September 04, 2011
== Quote from Jonathan M Davis (jmdavisProg@gmx.com)'s article
> Any overhaul of existing functionality needs to improve on existing
> functionality. Changes just to change aren't valuable. So, changes should
> generally avoiding breaking backwards compatibility unless we gain something
> from it. So, as long as these changes are an overall improvement, then we'll
> just have to deal with the code breakage. However, if the code breakage
> doesn't actually gain us anything, then we should avoid it. So, complaints
> about code breakage are valid, but they aren't deal breaking.
> - Jonathan M Davis

I mostly agree with what you said, except that this proposal breaks a frequently used standard library module severely and without a clear gradual migration path.
September 04, 2011
== Quote from Andrej Mitrovic (andrej.mitrovich@gmail.com)'s article
> Seems to me like virtually every module in Phobos gets a complete rewrite sooner or later. Yikes! Afaik the upcoming ones are also std.xml, std.variant, maybe std.json too? (can't recall). Was there really so much bad code written in Phobos all along that they all require a rewrite?

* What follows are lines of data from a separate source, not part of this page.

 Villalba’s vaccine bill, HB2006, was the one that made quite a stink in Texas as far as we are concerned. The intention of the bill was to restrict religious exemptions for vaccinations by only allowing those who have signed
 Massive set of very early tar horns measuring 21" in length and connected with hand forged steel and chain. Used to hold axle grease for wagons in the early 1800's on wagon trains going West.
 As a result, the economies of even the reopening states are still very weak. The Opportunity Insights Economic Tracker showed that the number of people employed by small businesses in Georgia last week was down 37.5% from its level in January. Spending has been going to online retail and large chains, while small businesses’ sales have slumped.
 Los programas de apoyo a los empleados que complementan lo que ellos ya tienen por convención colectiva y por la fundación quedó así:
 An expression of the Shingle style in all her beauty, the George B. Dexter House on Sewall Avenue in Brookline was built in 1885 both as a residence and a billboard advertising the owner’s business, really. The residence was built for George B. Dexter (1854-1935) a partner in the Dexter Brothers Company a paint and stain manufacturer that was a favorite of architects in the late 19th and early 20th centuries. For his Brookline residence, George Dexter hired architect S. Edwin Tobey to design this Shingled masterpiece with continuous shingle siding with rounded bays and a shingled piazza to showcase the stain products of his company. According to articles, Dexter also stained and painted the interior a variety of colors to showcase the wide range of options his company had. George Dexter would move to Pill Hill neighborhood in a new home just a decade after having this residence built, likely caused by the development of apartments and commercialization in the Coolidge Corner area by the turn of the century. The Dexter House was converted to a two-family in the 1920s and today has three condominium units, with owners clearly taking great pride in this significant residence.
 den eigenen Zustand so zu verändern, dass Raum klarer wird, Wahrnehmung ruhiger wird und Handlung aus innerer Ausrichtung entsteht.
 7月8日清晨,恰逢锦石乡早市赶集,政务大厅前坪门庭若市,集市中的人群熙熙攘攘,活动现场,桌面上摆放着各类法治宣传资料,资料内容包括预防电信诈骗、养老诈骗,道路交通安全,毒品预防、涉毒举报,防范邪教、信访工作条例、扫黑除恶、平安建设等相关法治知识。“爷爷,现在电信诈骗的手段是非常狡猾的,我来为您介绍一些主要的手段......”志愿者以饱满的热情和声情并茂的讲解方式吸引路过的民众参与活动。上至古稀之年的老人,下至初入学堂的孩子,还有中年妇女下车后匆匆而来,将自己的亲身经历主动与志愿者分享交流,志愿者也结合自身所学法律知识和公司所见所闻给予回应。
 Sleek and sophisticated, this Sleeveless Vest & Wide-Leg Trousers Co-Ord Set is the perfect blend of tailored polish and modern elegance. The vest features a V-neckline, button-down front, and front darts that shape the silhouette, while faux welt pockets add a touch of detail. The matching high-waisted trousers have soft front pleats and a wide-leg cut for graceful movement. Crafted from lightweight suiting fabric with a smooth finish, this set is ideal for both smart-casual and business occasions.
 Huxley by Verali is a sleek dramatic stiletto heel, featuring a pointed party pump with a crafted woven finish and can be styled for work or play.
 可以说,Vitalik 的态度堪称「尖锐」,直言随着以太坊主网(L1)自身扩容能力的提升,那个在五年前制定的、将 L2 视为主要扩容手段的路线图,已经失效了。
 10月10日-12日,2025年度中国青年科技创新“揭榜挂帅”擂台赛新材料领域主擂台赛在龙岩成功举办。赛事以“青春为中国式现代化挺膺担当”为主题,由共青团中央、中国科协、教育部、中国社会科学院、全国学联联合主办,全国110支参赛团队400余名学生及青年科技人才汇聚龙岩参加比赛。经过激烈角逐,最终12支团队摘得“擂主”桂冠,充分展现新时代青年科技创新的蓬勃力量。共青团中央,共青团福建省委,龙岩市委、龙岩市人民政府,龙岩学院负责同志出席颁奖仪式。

It's really amazing how much cruft 2-3 year old D code tends to have:  Workarounds for compiler bugs, workarounds for previously missing features, a generally lower standard for quality before we implemented a proper review process, etc.  Heck, I've got a pull request in Github that rewrites a substantial portion of std.parallelism to take advantage of better implementations I've found for parallel foreach and amap, fix a couple bugs and get rid of tons of cruft, and this module's only been in Phobos a few months.  These changes are purely under the hood, though, and there should be zero code breakage.
September 04, 2011
On 9/3/11 9:53 PM, Walter Bright wrote:
> On 9/3/2011 5:58 PM, Jonathan M Davis wrote:
>> However, if the code breakage
>> doesn't actually gain us anything, then we should avoid it. So,
>> complaints
>> about code breakage are valid, but they aren't deal breaking.
>
> The larger the amount of code that is broken, the more gain there must
> be to justify it.
>
> Breaking std.stdio, which is used everywhere, this thoroughly needs a
> very high bar of justification.

I agree. I'm hoping the new stuff could build on top of std.stdio.

Andrei
September 04, 2011
On 9/3/11 10:11 PM, Steven Schveighoffer wrote:
> On Sat, 03 Sep 2011 17:20:53 -0400, dsimcha <dsimcha@yahoo.com> wrote:
>
>> == Quote from Andrei Alexandrescu (SeeWebsiteForEmail@erdani.org)'s
>> article
>>> Hello,
>>> There are a number of issues related to D's current handling of streams,
>>> including the existence of the imperfect etc.stream and the
>>> over-specialization of std.stdio.
>>> Steve has worked on an extensive overhaul of std.stdio which would
>>> obviate the need for etc.stream and would improve both the generality
>>> and efficiency of std.stdio.
>>> Please chime in with feedback; he's away from the Usenet but allowed me
>>> to post this on his behalf. I uploaded the docs to
>>> http://erdani.com/d/new-stdio/phobos-prerelease/std_stdio.html
>>> Thanks,
>>> Andrei
>>
>> After a quick look, I have two concerns:
>>
>> 1. File is a class, not a struct. This precludes using reference
>> counting as the
>> current std.stdio.File does, meaning you have to close all your Files
>> manually. I
>> loved the reference counting semantics, especially the last few
>> releases since
>> most of the relevant compiler bugs have been fixed.
>
> As long as a class can contain a File as a member, this argument makes
> no sense to me. In other words, it's impossible to remove the GC from
> the File destructor/refcounting system.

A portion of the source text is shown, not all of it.